Data —
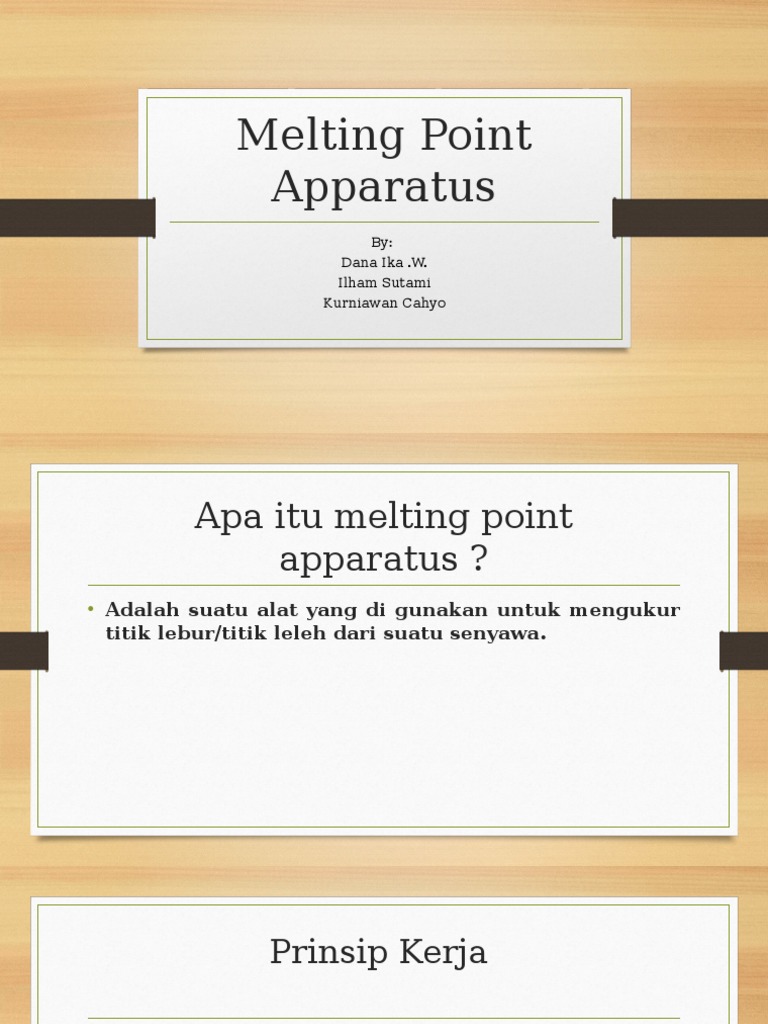 Melting Point Apparatus adalah suatu alat yang di gunakan untuk mengukur titik leburtitik leleh dari suatu senyawa biasanya dalam dunia kimia suatu senyawa itu pasti memiliki titik lebur maupun titik leleh yang sudah di tetapkan oleh ilmuwan yang telah menelitinya ataupun oleh para ahli pakar kimiawan.
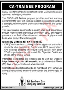 Vacant posts including ca trainee program are announced in Sui Southern Gas Company Islamabad, islamabad Islamabad Pakistan as per 26 November 2023 advertisement in daily Jang Newspaper. CA etc. educational qualification will be preferred.
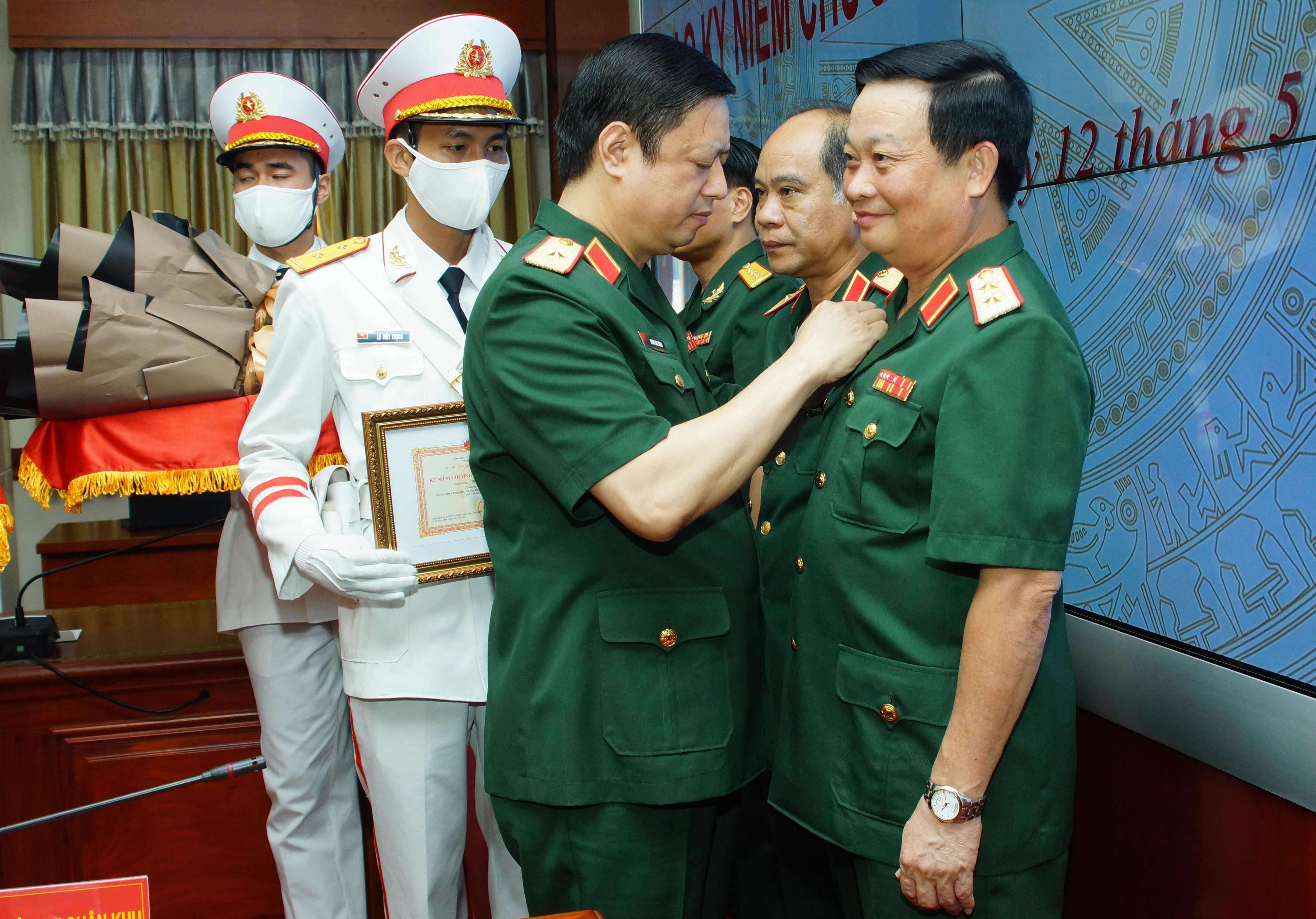 Thiếu tướng Dương Văn Thăng đeo kỷ niệm chương cho Trung tướng Trần Hoài Trung.

What you will do —
Give the listing above again in its entirety, exactly as written and free of images.

Your solution —
 Melting Point Apparatus adalah suatu alat yang di gunakan untuk mengukur titik leburtitik leleh dari suatu senyawa biasanya dalam dunia kimia suatu senyawa itu pasti memiliki titik lebur maupun titik leleh yang sudah di tetapkan oleh ilmuwan yang telah menelitinya ataupun oleh para ahli pakar kimiawan.
 Vacant posts including ca trainee program are announced in Sui Southern Gas Company Islamabad, islamabad Islamabad Pakistan as per 26 November 2023 advertisement in daily Jang Newspaper. CA etc. educational qualification will be preferred.
 Thiếu tướng Dương Văn Thăng đeo kỷ niệm chương cho Trung tướng Trần Hoài Trung.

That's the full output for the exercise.